Vor einiger Zeit habe ich angefangen, eine Winform-Anwendung zu erstellen. Zu dieser Zeit war sie klein und ich habe mir keine Gedanken darüber gemacht, wie ich das Projekt strukturieren soll.

Seitdem habe ich nach Bedarf zusätzliche Funktionen hinzugefügt und der Projektordner wird immer größer. Jetzt denke ich, dass es Zeit ist, das Projekt auf irgendeine Weise zu strukturieren, aber ich bin mir nicht sicher, wie es richtig ist, daher habe ich nur wenige Fragen.

Wie kann ich den Projektordner richtig umstrukturieren?

Im Moment denke ich an so etwas:

  • Ordner für Formulare erstellen
  • Ordner für Utility-Klassen erstellen
  • Erstellen Sie einen Ordner für Klassen, die nur Daten enthalten

Wie lautet die Namenskonvention beim Hinzufügen von Klassen?

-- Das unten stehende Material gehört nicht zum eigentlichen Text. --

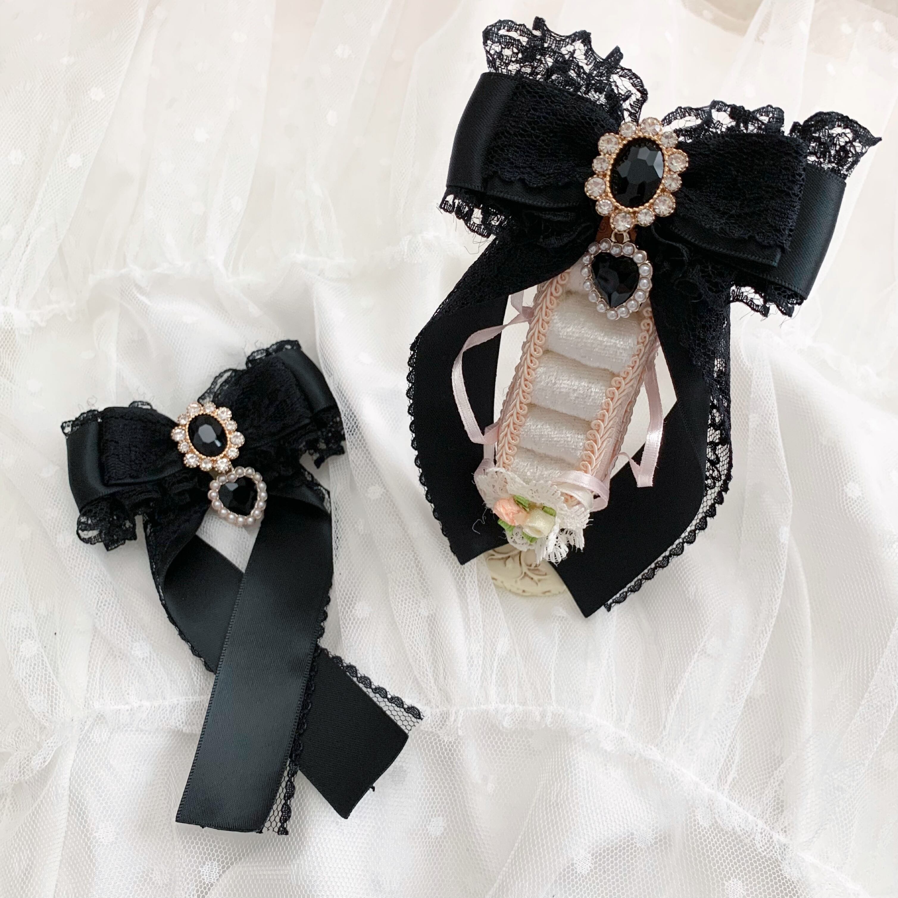 サテンリボンに黒い花柄レースを重ねており、上品で大人かわいいデザインです(⁎ᴗ͈ˬᴗ͈⁎)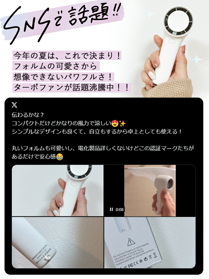 ターボ風力のコンパクトハンディ扇風機。持ち運びに便利なサイズで、強力な風量を送ります。USB充電可能で、屋外やオフィスで快適な風をお楽しみいただけます。

Sollte ich Klassen auch umbenennen, damit ihre Funktionalität durch einen Blick auf ihren Namen identifiziert werden kann? Benennen Sie beispielsweise alle Formularklassen um, sodass ihr Name mit Form endet. Oder ist dies nicht erforderlich, wenn spezielle Ordner für sie erstellt werden?

Was ist zu tun, damit nicht der gesamte Code für das Hauptformular in Form1.cs landet?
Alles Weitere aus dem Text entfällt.